Problem statement -> All the data below goes into the copy word for word, but the pictures don't.

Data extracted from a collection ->
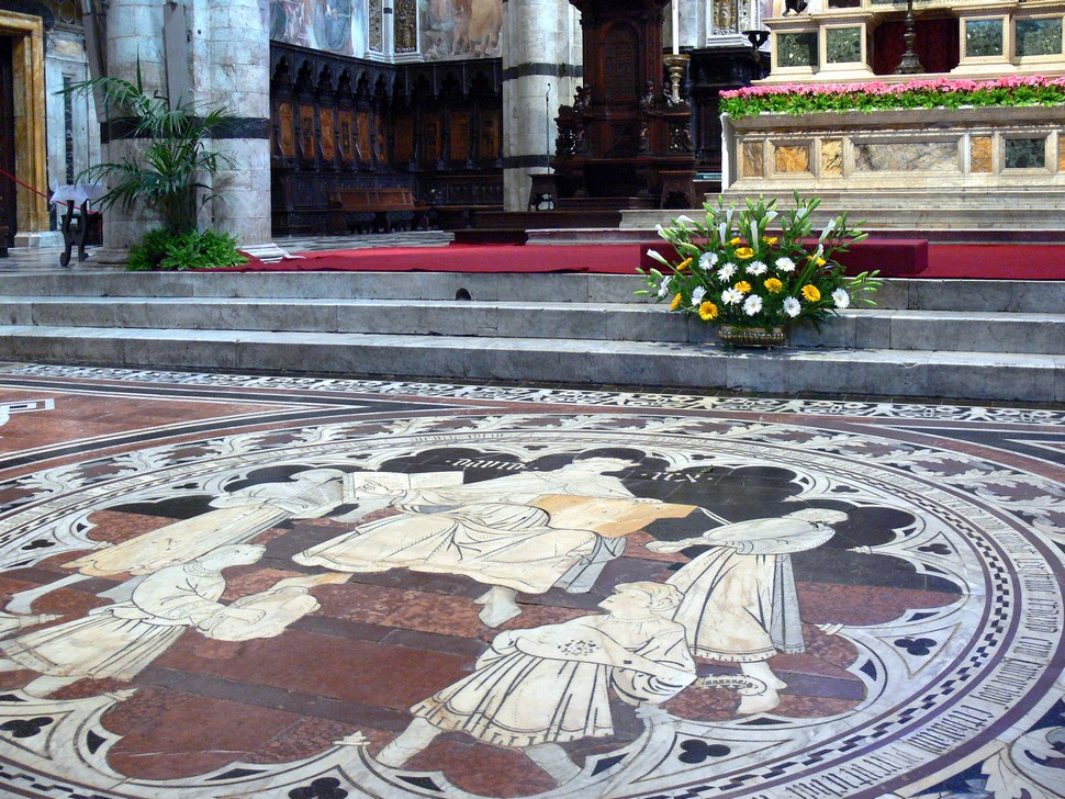 Von der Via Roma über die Plazza del Campo zum Dom, unser Spaziergang ging auch in schwindelnde Höhen, von wo wir aber einen fantastischen Blick über die Stadt bis hin zur Mondlanschaft Crete hatten. Der Dom Santa Maria Assunta thront über der Stadt und hat uns mit seiner Pracht gerade zu überwältigt.
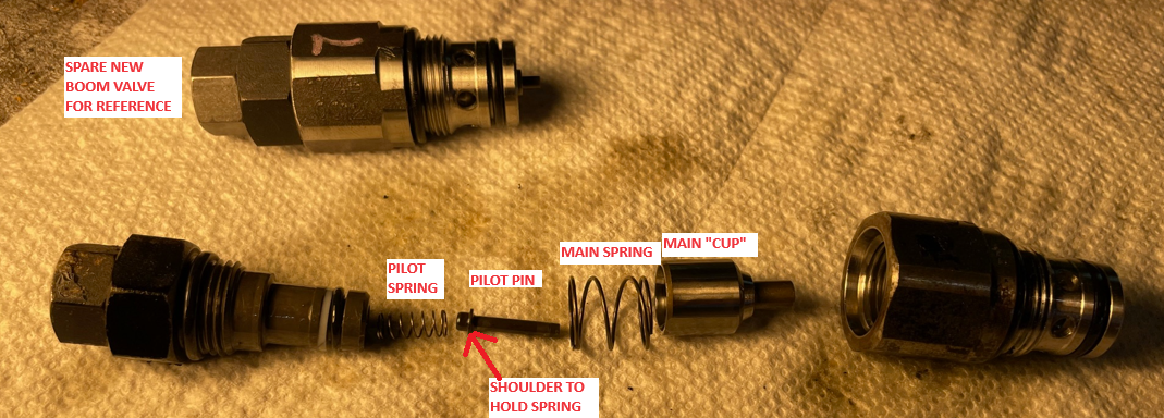 I was able to remove the small spring and reseat it on the pin shoulder and reassemble the pressure relief valve. Now the pin moves freely and I could easily push it the circuit open with my finger just like the new spare unit I had. I put it back on the tractor and sure enough, the backhoe is as good as new. The story here is that if the pressure relief valve is stuck open or the spring or the small pin is broke, your system pressure when trying to swing the boom will just go right to the hydraulic tank. The good news is that it is very easy to remove, disassemble and inspect. In my case, if I had know, I could have fixed with just 2 wrenches in 10 minutes. Now I know and will not be afraid to remove the pressure relief valves and take them apart if needed.
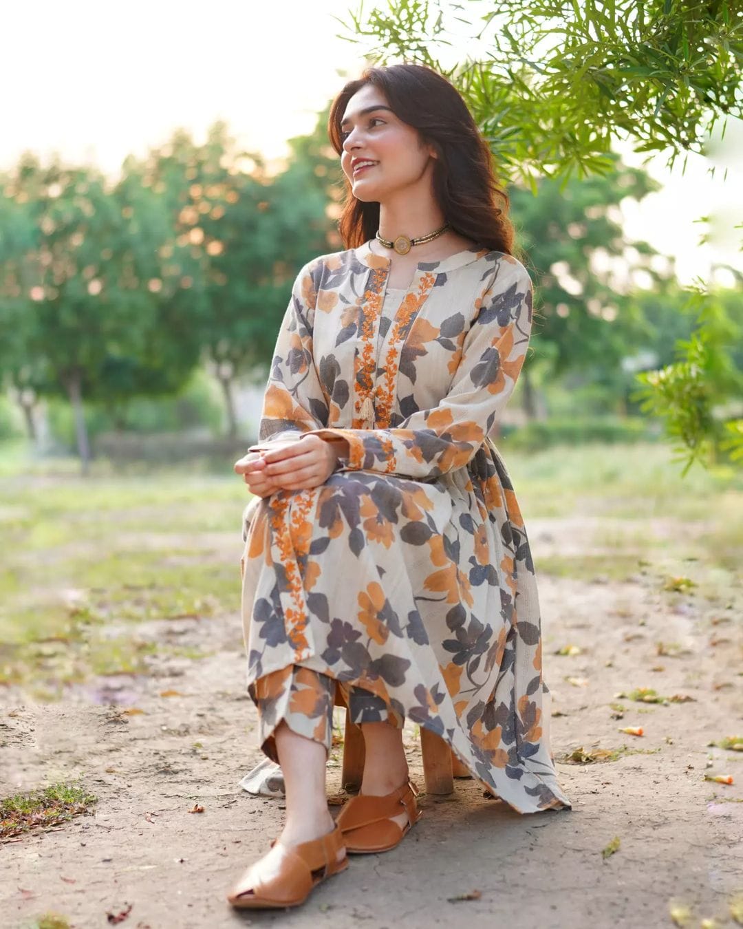 অলওভার স্কিন প্রিন্ট 🍁এমব্রয়ডারি কাজ করা 🍁সাথে লেস এর কাজ করা
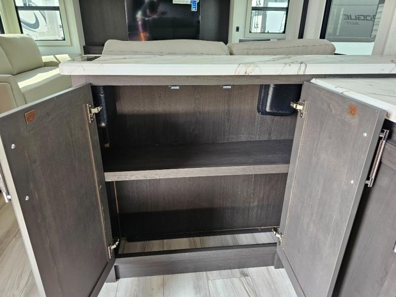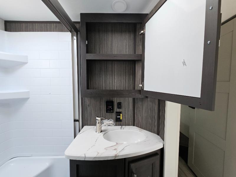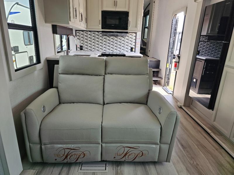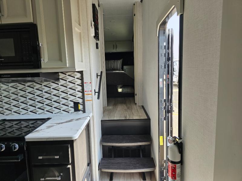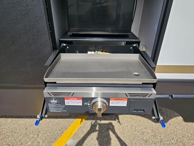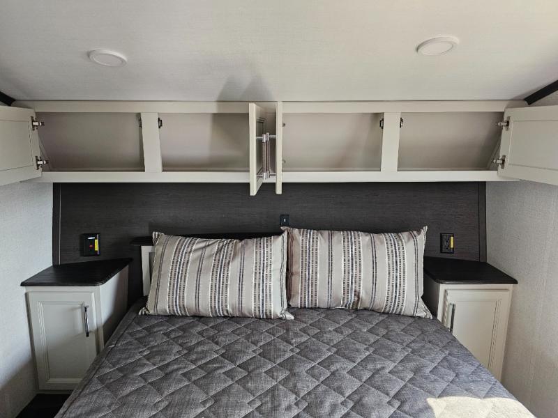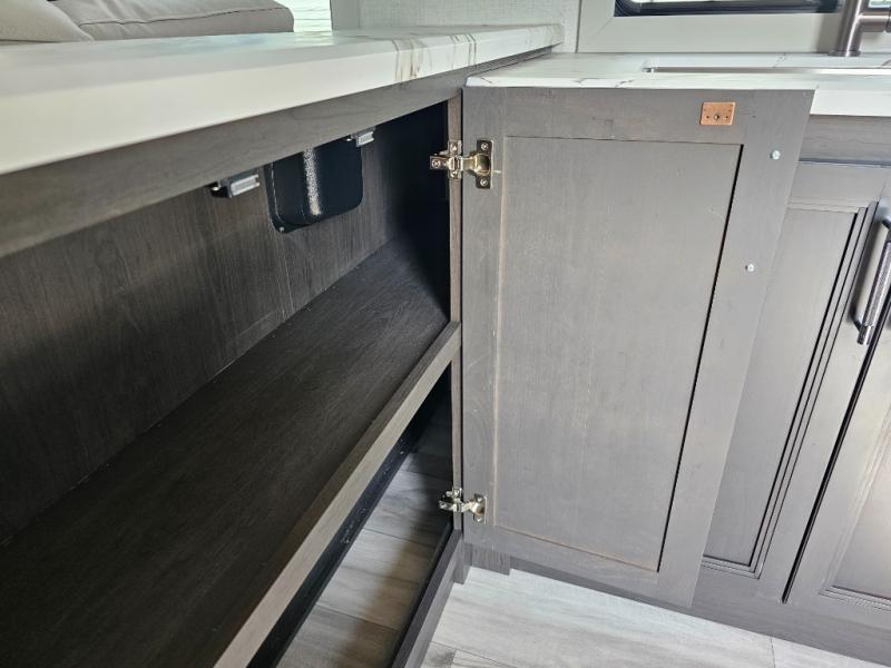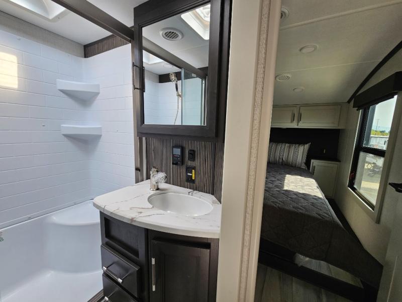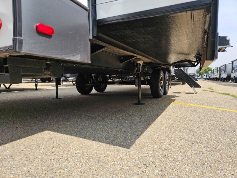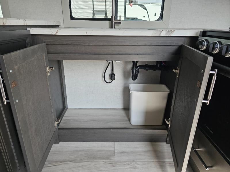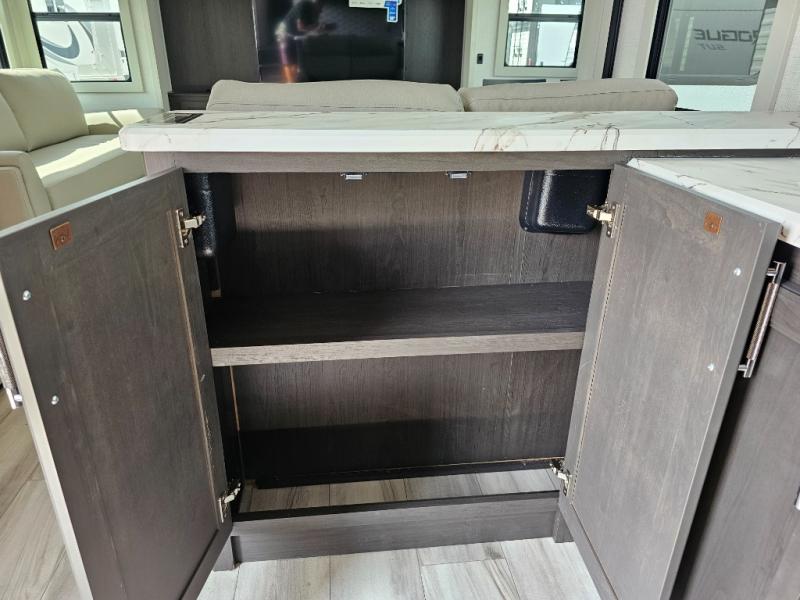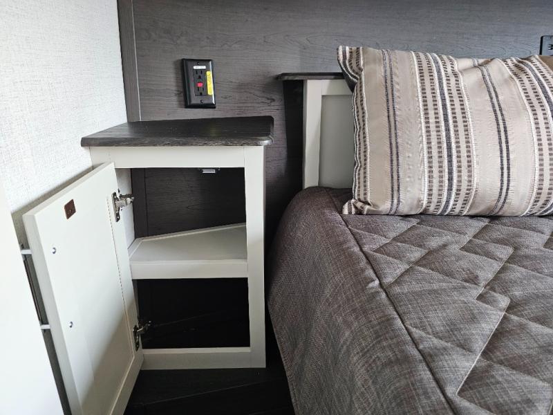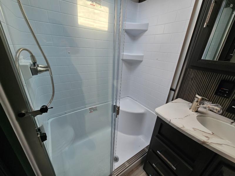 Camping is made easy in this fifth wheel! Once you arrive at the campground, you can enter in through the Composite Stow Away steps and start cooking a delicious meal in the middle kitchen with the 21" Furrion range with Piezo ignition,12V "Solar Friendly" refrigerator, and 0.9 cu. ft. microwave to pop a bag of popcorn for movie night. The rear living area offers a more at-home feel with a rear entertainment center with a fireplace, theater seating, and plenty of space to move about thanks to the opposing slide outs. There is also a free-standing dinette to play card games and enjoy meals and an XL sofa sleeper that extends to a king-size sleeping space. The full bath includes a 48" x 30" shower with a glass door and a skylight for more standing space, and the front private bedroom includes a queen bed for a great night's rest. You'll also find a wardrobe slide here and two two nightstands with an outlet to charge your electronics.
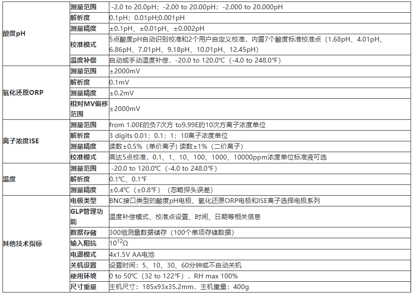 独特离子浓度增量测量法,自定义和多 种离子浓度单位选择; mol/L、 mmol/L、 mg/L、mg/mL、 ug/L、 %、ppt、 ppm、g/L、用户自定义
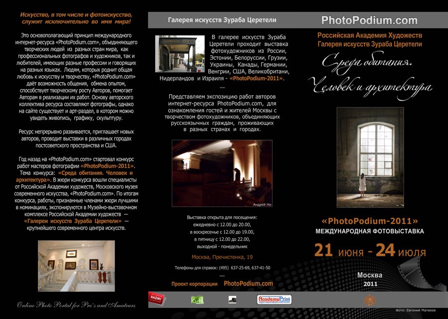 Выставка проводится по результатам фотоконкурса PhotoPodium – 2011 Открытие выставки состоится 21 июня 2011г в 18.00 Выставочный зал Российской академии художеств Москва, Пречистенка, 21
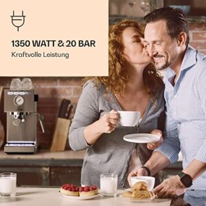 Klarstein Pausa Espressomaker – Siebträgermaschine mit 1350 Watt und 20 Bar Druck. Wassertank: 1,4 Liter Edelstahl, silber.
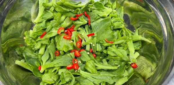 2、锅中加入适量的盐,用手搅拌至顺滑。将购买的小麦草放入盆中浸泡约10分钟,然后用流水清洗。将清洗干净的小麦草沥干水分放入碗中,用手将小麦草掰成适合入口的小块。冰草味道微咸,清凉爽口,与凉菜搭配很搭。它不仅含有丰富的维生素和氨基酸,而且适量食用对身体大有裨益。
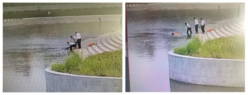 和超立即將現場情況上報物業(yè)監(jiān)控中心請求支援,并同步撥打報警電話,他自己則持續(xù)大聲與阿姨保持溝通、言語安撫,努力穩(wěn)定其情緒。張政則迅速跑向附近的應急物資存放點,取來救生圈與救生繩,奮力將救生圈拋投至阿姨附近水面,并高聲引導其抓住救生設備。很快,另一名聞訊趕來的隊員張萌也加入支援,三人默契配合、協(xié)力施救,最終成功將阿姨救助上岸。
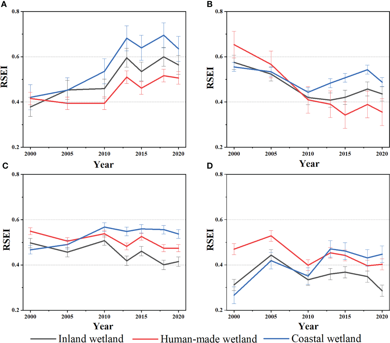 Temporal variations in RSEI in coastal, inland and man-made wetlands from 2000 to 2020 in the four estuaries: (A) LRE, (B) YRE, (C) YTRE and (D) PRE. Error bars represent standard deviations.
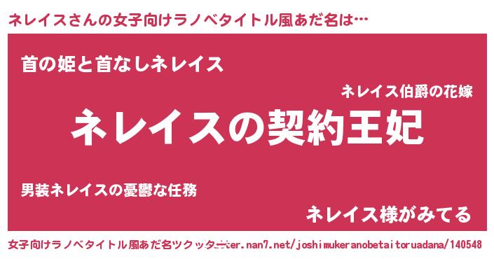 | ファンタジー風あだ名 | 『ネレディッシュ』『ファントムネレス』 |

Finished exercise ->
 Von der Via Roma über die Plazza del Campo zum Dom, unser Spaziergang ging auch in schwindelnde Höhen, von wo wir aber einen fantastischen Blick über die Stadt bis hin zur Mondlanschaft Crete hatten. Der Dom Santa Maria Assunta thront über der Stadt und hat uns mit seiner Pracht gerade zu überwältigt.
 I was able to remove the small spring and reseat it on the pin shoulder and reassemble the pressure relief valve. Now the pin moves freely and I could easily push it the circuit open with my finger just like the new spare unit I had. I put it back on the tractor and sure enough, the backhoe is as good as new. The story here is that if the pressure relief valve is stuck open or the spring or the small pin is broke, your system pressure when trying to swing the boom will just go right to the hydraulic tank. The good news is that it is very easy to remove, disassemble and inspect. In my case, if I had know, I could have fixed with just 2 wrenches in 10 minutes. Now I know and will not be afraid to remove the pressure relief valves and take them apart if needed.
 অলওভার স্কিন প্রিন্ট 🍁এমব্রয়ডারি কাজ করা 🍁সাথে লেস এর কাজ করা
 Camping is made easy in this fifth wheel! Once you arrive at the campground, you can enter in through the Composite Stow Away steps and start cooking a delicious meal in the middle kitchen with the 21" Furrion range with Piezo ignition,12V "Solar Friendly" refrigerator, and 0.9 cu. ft. microwave to pop a bag of popcorn for movie night. The rear living area offers a more at-home feel with a rear entertainment center with a fireplace, theater seating, and plenty of space to move about thanks to the opposing slide outs. There is also a free-standing dinette to play card games and enjoy meals and an XL sofa sleeper that extends to a king-size sleeping space. The full bath includes a 48" x 30" shower with a glass door and a skylight for more standing space, and the front private bedroom includes a queen bed for a great night's rest. You'll also find a wardrobe slide here and two two nightstands with an outlet to charge your electronics.
 独特离子浓度增量测量法,自定义和多 种离子浓度单位选择; mol/L、 mmol/L、 mg/L、mg/mL、 ug/L、 %、ppt、 ppm、g/L、用户自定义
 Выставка проводится по результатам фотоконкурса PhotoPodium – 2011 Открытие выставки состоится 21 июня 2011г в 18.00 Выставочный зал Российской академии художеств Москва, Пречистенка, 21
 Klarstein Pausa Espressomaker – Siebträgermaschine mit 1350 Watt und 20 Bar Druck. Wassertank: 1,4 Liter Edelstahl, silber.
 2、锅中加入适量的盐,用手搅拌至顺滑。将购买的小麦草放入盆中浸泡约10分钟,然后用流水清洗。将清洗干净的小麦草沥干水分放入碗中,用手将小麦草掰成适合入口的小块。冰草味道微咸,清凉爽口,与凉菜搭配很搭。它不仅含有丰富的维生素和氨基酸,而且适量食用对身体大有裨益。
 和超立即將現場情況上報物業(yè)監(jiān)控中心請求支援,并同步撥打報警電話,他自己則持續(xù)大聲與阿姨保持溝通、言語安撫,努力穩(wěn)定其情緒。張政則迅速跑向附近的應急物資存放點,取來救生圈與救生繩,奮力將救生圈拋投至阿姨附近水面,并高聲引導其抓住救生設備。很快,另一名聞訊趕來的隊員張萌也加入支援,三人默契配合、協(xié)力施救,最終成功將阿姨救助上岸。
 Temporal variations in RSEI in coastal, inland and man-made wetlands from 2000 to 2020 in the four estuaries: (A) LRE, (B) YRE, (C) YTRE and (D) PRE. Error bars represent standard deviations.
 | ファンタジー風あだ名 | 『ネレディッシュ』『ファントムネレス』 |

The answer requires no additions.